**DATA PROVIDED:**
========================
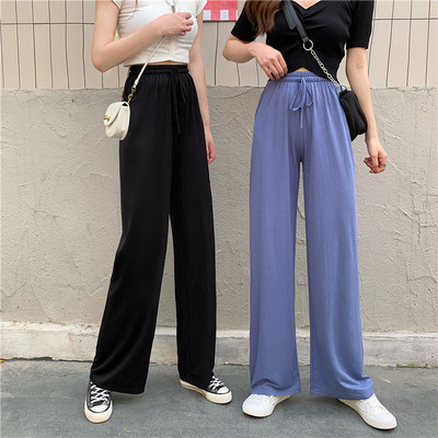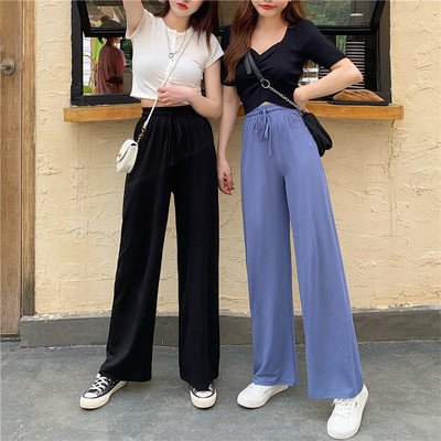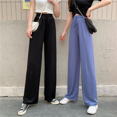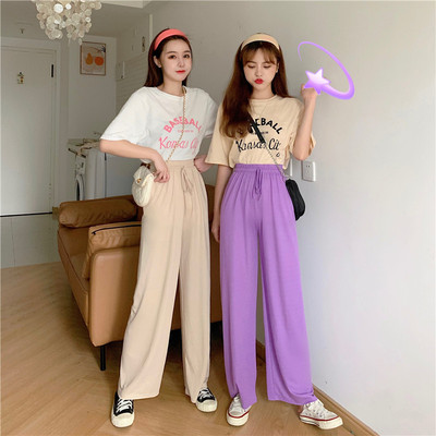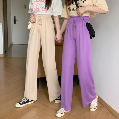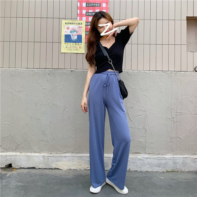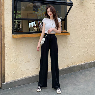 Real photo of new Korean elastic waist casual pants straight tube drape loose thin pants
========================
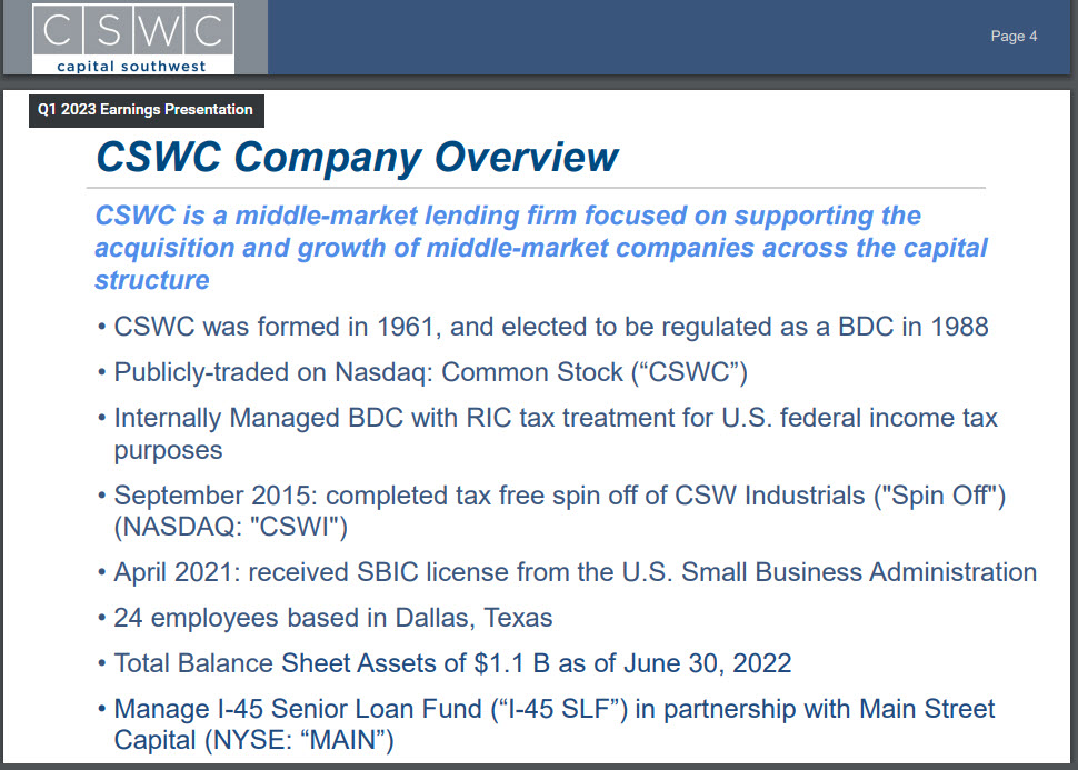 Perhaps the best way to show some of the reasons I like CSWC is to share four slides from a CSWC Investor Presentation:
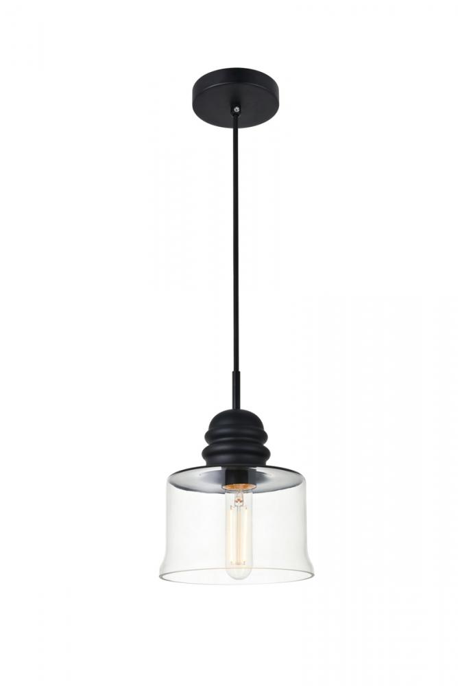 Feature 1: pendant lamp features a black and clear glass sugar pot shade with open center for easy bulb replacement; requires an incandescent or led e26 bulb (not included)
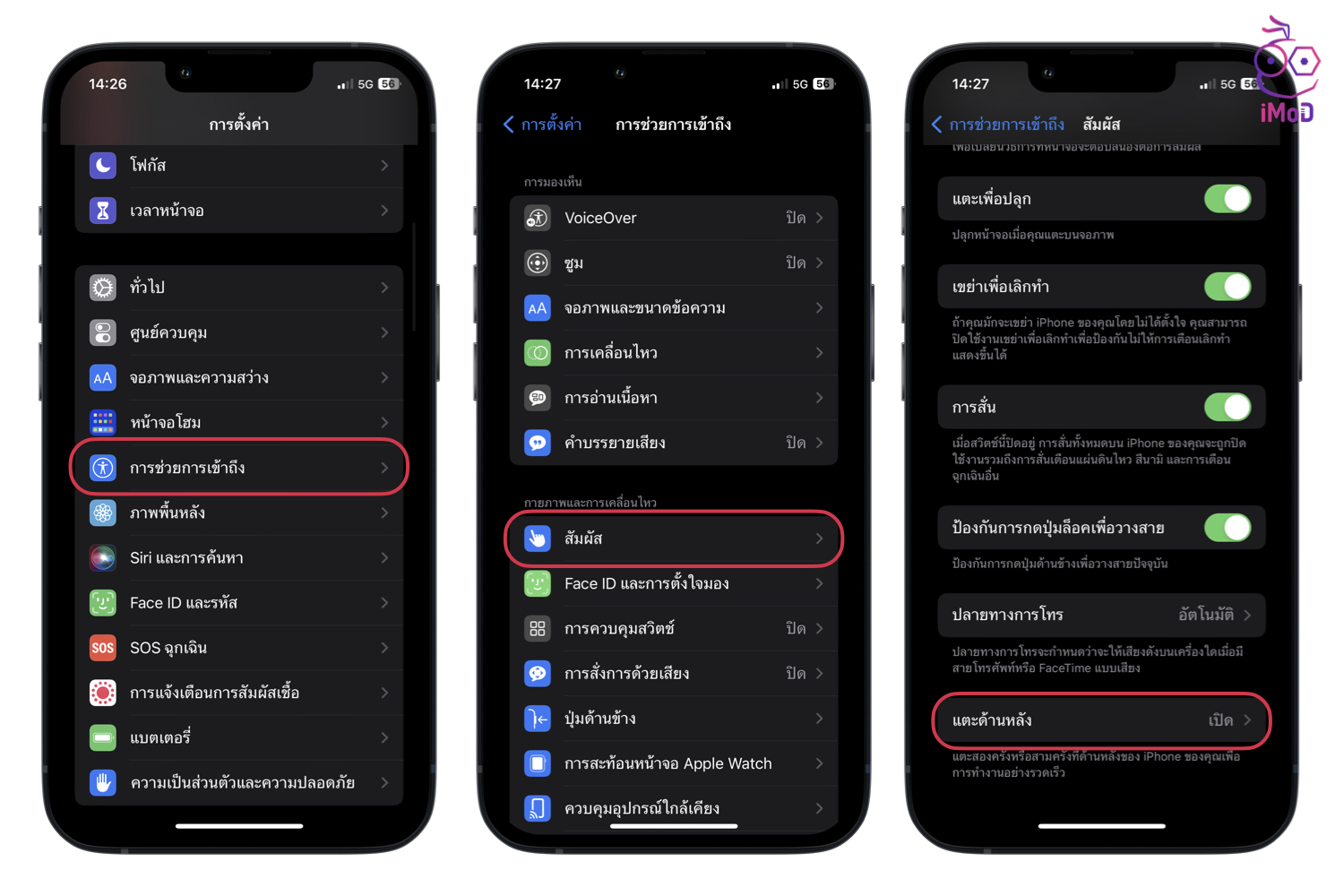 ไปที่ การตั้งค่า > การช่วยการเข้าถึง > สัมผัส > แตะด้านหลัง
========================
**ACTION ITEM:** Range to copy from the listing above: the line with "Feature 1: pendant" through the line with "ไปที่ การตั้งค่า >". Transcribe it exactly and skip the pictures.

**RESPONSE AREA:**
 Feature 1: pendant lamp features a black and clear glass sugar pot shade with open center for easy bulb replacement; requires an incandescent or led e26 bulb (not included)
 ไปที่ การตั้งค่า > การช่วยการเข้าถึง > สัมผัส > แตะด้านหลัง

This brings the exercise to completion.